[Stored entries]
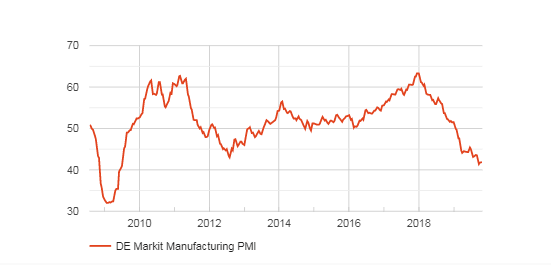 Germany’s export economy has been buffeted by the decline in global activity abetted if not prompted by the twin disturbances of the US China trade war and the still unknown economic consequences of the British exit from the European Union.
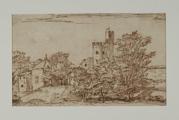 Paesaggio con torre e piccola chiesa. Paesaggio con torre e piccola chiesa
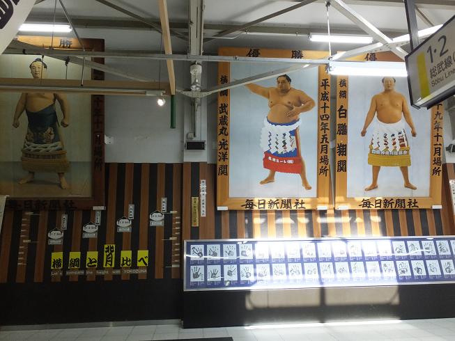 JR両国駅の構内。お相撲さんの大きな絵が飾られてます。白鳳、武蔵丸
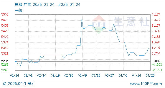 4月24日,生意社白糖基准价为5350.00元/吨,与本月初(5440.00元/吨)相比,下降了1.65%。
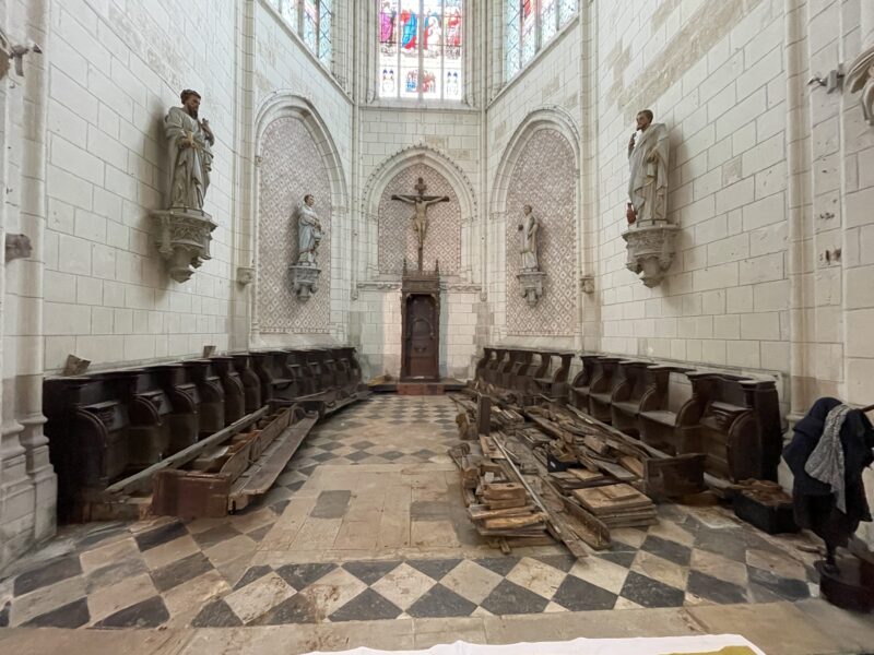 現在、アトリエでは15世紀の聖歌隊席(stalles)の修復という大仕事が進んでいる。4メートルの巨大なブロック、3人の職人が費やす1000時間もの工数。 そこには、かつてジュリアンがそうであったように、バカロレアを経てこの世界に入り、歴史と向き合うことに情熱を注ぐ若き職人の姿もある。

# WORK REQUEST:
Retype the entries verbatim and drop the pictures.

# WRITTEN RESPONSE:
 Germany’s export economy has been buffeted by the decline in global activity abetted if not prompted by the twin disturbances of the US China trade war and the still unknown economic consequences of the British exit from the European Union.
 Paesaggio con torre e piccola chiesa. Paesaggio con torre e piccola chiesa
 JR両国駅の構内。お相撲さんの大きな絵が飾られてます。白鳳、武蔵丸
 4月24日,生意社白糖基准价为5350.00元/吨,与本月初(5440.00元/吨)相比,下降了1.65%。
 現在、アトリエでは15世紀の聖歌隊席(stalles)の修復という大仕事が進んでいる。4メートルの巨大なブロック、3人の職人が費やす1000時間もの工数。 そこには、かつてジュリアンがそうであったように、バカロレアを経てこの世界に入り、歴史と向き合うことに情熱を注ぐ若き職人の姿もある。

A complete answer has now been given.